C’est la catastrophe financière pour les cabanes à sucre…

Photo de couverture de la cabane à sucre Au chalet en Bois Rond, à Sainte-Christine-d’Auvergne, sur www.quebec-cite.com

Par: Isabelle Dubé pour La Presse

Les cabanes à sucre venaient à peine d’entrer dans la période la plus achalandée de leur courte saison quand la consigne sur les rassemblements de 250 personnes et plus est tombée. Conséquences : certaines cabanes enregistrent déjà des pertes de 80 % à 90 % de leur chiffre d’affaires, tandis que d’autres ont déjà fermé.

«C’est la catastrophe financière. On est tous sous le choc, raconte avec émotion au téléphone Stéphanie Laurin, copropriétaire du Chalet des érables, à Sainte-Anne-des-Plaines. Pour nous, ce n’est pas qu’un mois de fermeture, c’est l’équivalent d’une année pour une entreprise qui fonctionne 12 mois.»

La cabane à sucre située dans les Laurentides est l’une des plus grandes de la province. Elle peut accueillir près de 5000 clients par jour. Limiter la capacité maximale à 250 personnes, employés compris, entraînera de lourdes pertes.
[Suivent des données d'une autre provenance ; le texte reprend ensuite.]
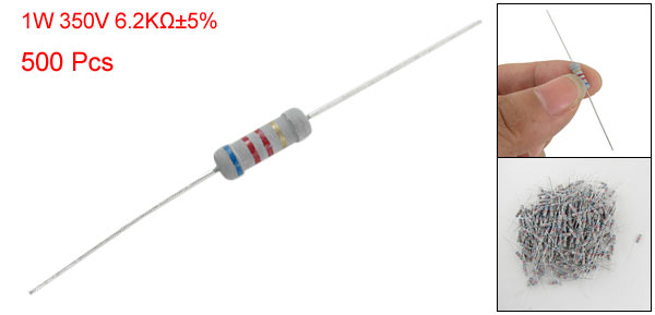 Product Name Carbon Film Resistors Rating Power 1W Resistance 6.2K Ohm Resistance Tolerance ± 5% Withstand Voltage 350V Size(Not Include Leads) 0.35 x 1.05cm / 0.138" x 0.413"(D*L) Leads Dia(Approx) 0.03cm / 0.012" Overall Length(Approx) 5.7cm / 2.2" Color As Picture Show Weight 172g Package Content 500(±2%) Pcs of Carbon Film Resistors - Reviews

Or la copropriétaire de l’entreprise familiale est résignée, car elle veut participer à l’objectif collectif d’élimination de la pandémie.

«C’est sûr qu’une cabane à sucre, c’est un endroit propice à la propagation des virus : [on est] assis dans une salle à manger, tout collés… Pour l’instant, on va respecter les réservations, assure-t-elle. Mais les gens seront séparés par de grands espaces et personne ne va se toucher.»

Des pertes de 80 % À 90 %

«C’est comme la saison de ski : s’il pleut pendant deux mois, on ne peut pas la refaire en juin», illustre Michael Constantin, copropriétaire de la cabane à sucre familiale Constantin à Saint-Eustache.

Lors de notre appel, toute la famille était en gestion de crise avec les annulations, les remboursements et les 70 employés qui venaient d’entrer en poste. Michel Constantin estime avoir perdu 90 % de son chiffre d’affaires. L’entreprise, qui existe depuis 80 ans, affirme servir jusqu’à 1000 amateurs de produits de l’érable en même temps.

«Le gros de l’achalandage embarquait cette semaine. Les écoles ont toutes annulé, les annulations se comptent par milliers.»

— Michael Constantin, copropriétaire de la cabane à sucre familiale Constantin

Michael Constantin a tenté d’avoir des informations plus précises auprès du gouvernement pour gérer la crise, mais sans succès. «On reste à l’affût, dit-il. Si jamais on nous conseille de fermer la salle à manger et de garder seulement notre boutique du terroir, c’est ce qu’on va faire.»

Fermeture de la saison

La Goudrelle, à Mont-Saint-Grégoire, prévoit fermer ses portes dimanche. Le copropriétaire, Michel Gingras, affirme avoir perdu 80 % de son chiffre d’affaires. La deuxième érablière de la famille Gingras, La Grillade, située à Granby, est déjà fermée.

La Goudrelle accueillera des clients samedi, mais ne servira que 150 personnes sur les 3000 qu’elle reçoit habituellement à cette période de l’année.

«Ça ne pouvait pas plus mal tomber. En plus, c’est notre 50e anniversaire, cette année. On avait mis de la publicité partout.»

— Michel Gingras, copropriétaire de La Goudrelle

Michel Gingras, qui gère La Goudrelle avec son père et ses deux frères, se souvient que la pente avait été longue à remonter après la crise du verglas de 1998.

«Ça nous a pris des années à nous en remettre, parce qu’on a perdu 12 000 étables pendant trois ans, raconte-t-il. La seule chose de positive, actuellement, c’est qu’on fait beaucoup de sirop, mais ce n’est pas la même chose que la restauration.»

«Contrairement à d’autres types de restauration, c’est difficile de se reprendre pour les cabanes à sucre, soutient Martin Vézina, porte-parole de l’Association des restaurateurs du Québec. On va laisser passer la vague, mais après, il va y avoir une réflexion à savoir comment aider les exploitants en restauration qui ont subi de fortes baisses.»

En attendant de voir s’il pourra bénéficier d’une aide financière du gouvernement, Michel Gingras doit déterminer ce qu’il fera de toute la nourriture prévue pour les 3000 clients de cette fin de semaine. «On ne peut pas jeter cette nourriture-là. On va en donner à nos employés ou aller la porter dans des centres de bénévolat.»